### Entries provided ###

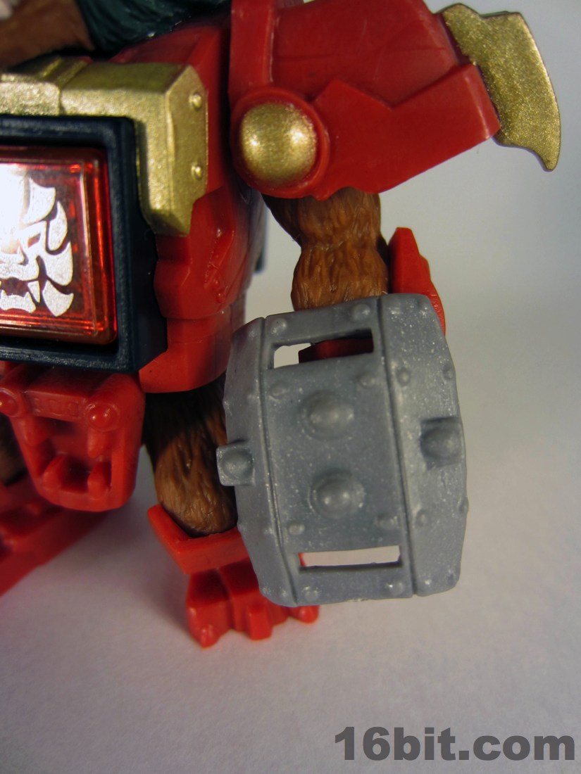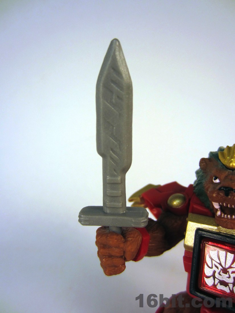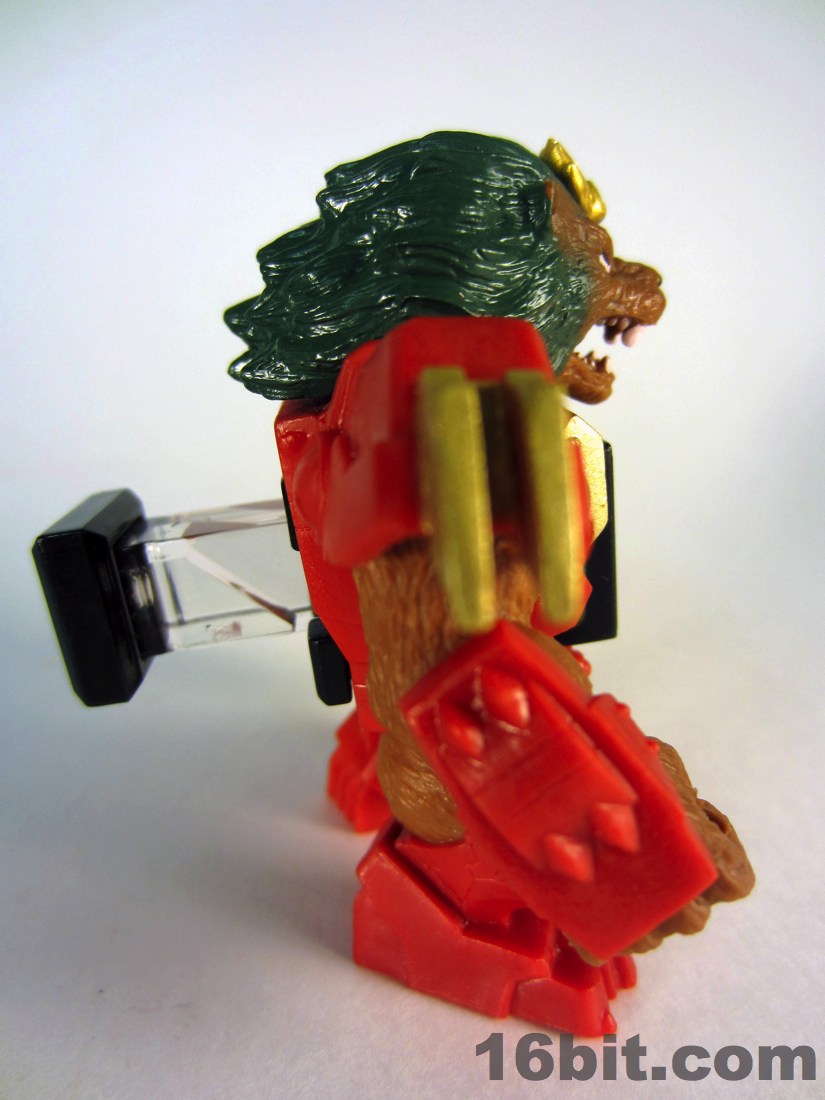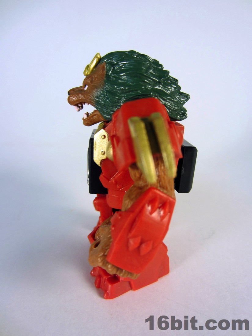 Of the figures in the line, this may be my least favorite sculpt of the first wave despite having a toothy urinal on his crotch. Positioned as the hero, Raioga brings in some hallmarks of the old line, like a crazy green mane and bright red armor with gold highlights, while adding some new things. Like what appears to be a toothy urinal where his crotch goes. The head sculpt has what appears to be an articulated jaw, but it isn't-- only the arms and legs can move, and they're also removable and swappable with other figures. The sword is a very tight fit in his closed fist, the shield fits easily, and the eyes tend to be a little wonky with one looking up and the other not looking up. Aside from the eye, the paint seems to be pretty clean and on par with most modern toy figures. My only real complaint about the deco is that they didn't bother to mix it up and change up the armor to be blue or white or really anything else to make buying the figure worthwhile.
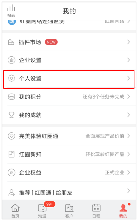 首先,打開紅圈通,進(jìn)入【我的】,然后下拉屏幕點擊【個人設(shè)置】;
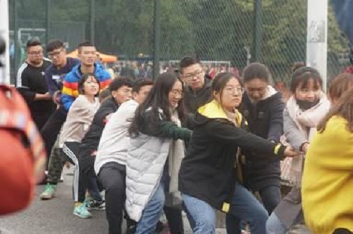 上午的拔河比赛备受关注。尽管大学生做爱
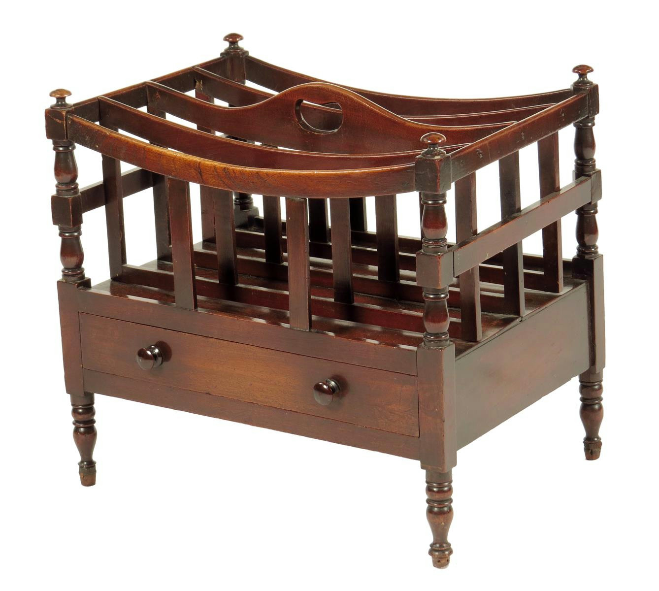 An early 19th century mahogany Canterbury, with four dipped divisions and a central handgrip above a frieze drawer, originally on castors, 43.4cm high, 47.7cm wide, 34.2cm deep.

###
### Entries provided ###

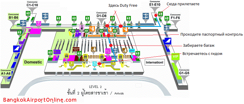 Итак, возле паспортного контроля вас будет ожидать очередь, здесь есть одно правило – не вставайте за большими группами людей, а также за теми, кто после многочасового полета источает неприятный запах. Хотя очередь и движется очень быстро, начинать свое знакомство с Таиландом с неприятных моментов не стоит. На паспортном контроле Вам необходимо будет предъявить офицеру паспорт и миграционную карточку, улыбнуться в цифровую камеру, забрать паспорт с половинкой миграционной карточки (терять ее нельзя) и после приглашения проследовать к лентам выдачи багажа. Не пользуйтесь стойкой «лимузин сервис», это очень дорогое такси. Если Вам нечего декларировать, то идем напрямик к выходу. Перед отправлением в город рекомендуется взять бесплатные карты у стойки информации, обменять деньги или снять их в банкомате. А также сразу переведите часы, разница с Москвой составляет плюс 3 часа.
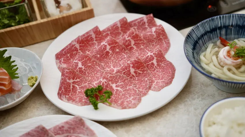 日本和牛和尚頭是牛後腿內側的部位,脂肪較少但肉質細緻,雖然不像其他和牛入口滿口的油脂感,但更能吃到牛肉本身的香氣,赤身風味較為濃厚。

###

▶ _Task objective_: Using the data above, retype exactly the lines from the line with "上午的拔河比赛备受关注。尽管大学生做爱" to the line with "An early 19th", inclusive. No pictures and nothing else.

▶ _Solution to this problem_:
 上午的拔河比赛备受关注。尽管大学生做爱
 An early 19th century mahogany Canterbury, with four dipped divisions and a central handgrip above a frieze drawer, originally on castors, 43.4cm high, 47.7cm wide, 34.2cm deep.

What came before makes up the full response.